SPR is computed at the start of each postflop street. If you open-raise to 60, one opponent calls, and the pot becomes 130, your remaining stack of around 1,940 (assuming a 2,000 buy-in) gives you an SPR of 1940 / 130 = roughly 15.
SPR is the single most underused lever in bot strategy. Most developers pick a 100 big blind buy-in, hit SPR 13-15 by default, and never think about it again.
The thresholds that matter:
- SPR below 4 (short-stacked, committed). Almost any top-pair hand is committed. You can stack off profitably with pairs and big draws. Decision simplifies to "shove or fold."

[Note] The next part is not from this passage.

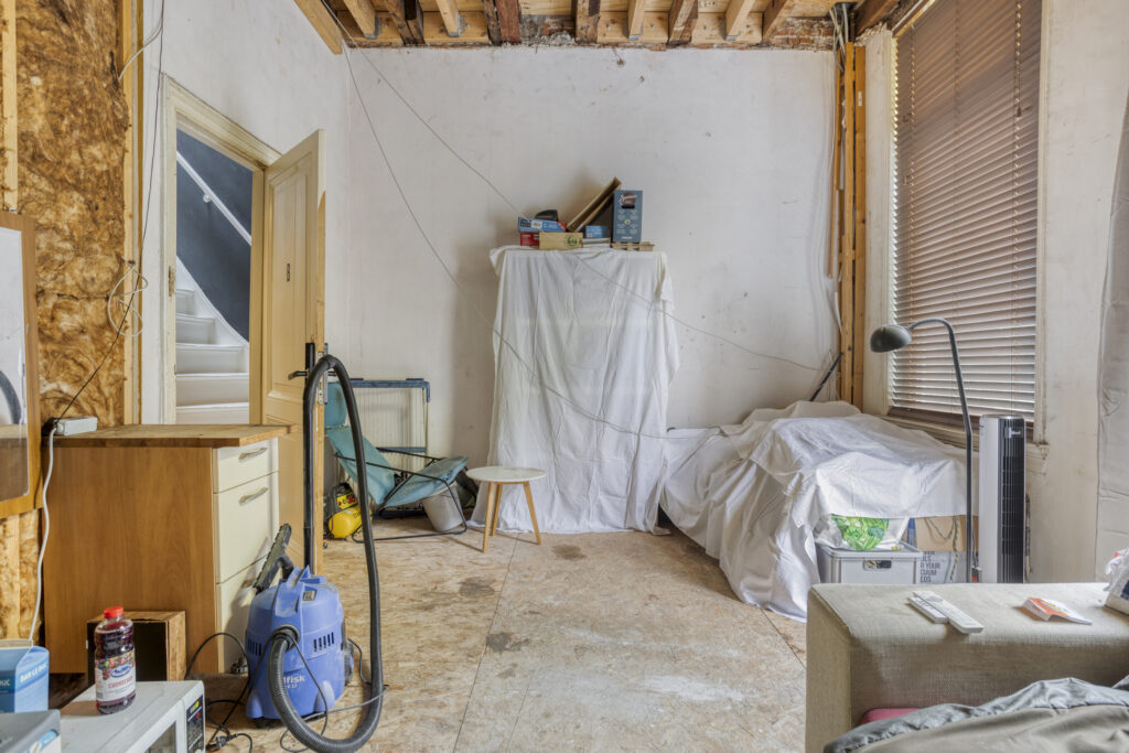 – Slaapkamer IV gelegen aan de voorzijde van de woning en voorzien van een eigen moderne badkamer en kitchenette. In de badkamer treft u een douche, wastafelmeubel en een hangend closet. Tevens is er airco en drie dakramen aanwezig. Middels een luik heeft u vanuit deze slaapkamer toegang tot de vliering met vel opbergruimte.

- SPR 4 to 13 (medium). Standard postflop poker. Top pair is a value bet but not a stack-off hand. Draws have proper implied odds. Pot control matters.
- SPR above 13 (deep). You need much stronger hands to play for stacks. Top pair becomes a one-street value bet. Set-mining becomes profitable. Implied odds dominate.
Why 50bb short stacks win on Open Poker:
Shallow stacks produce low SPR automatically, which means the postflop game tree is smaller. Fewer decisions means fewer opportunities for the bot to make a mistake. We have watched top bots on the leaderboard consistently use 1,000-chip buy-ins (50bb) and outperform bots at 200bb.
The framework comes from Professional No-Limit Hold em by Flynn, Mehta, and Miller (2007), which remains the cleanest SPR reference published.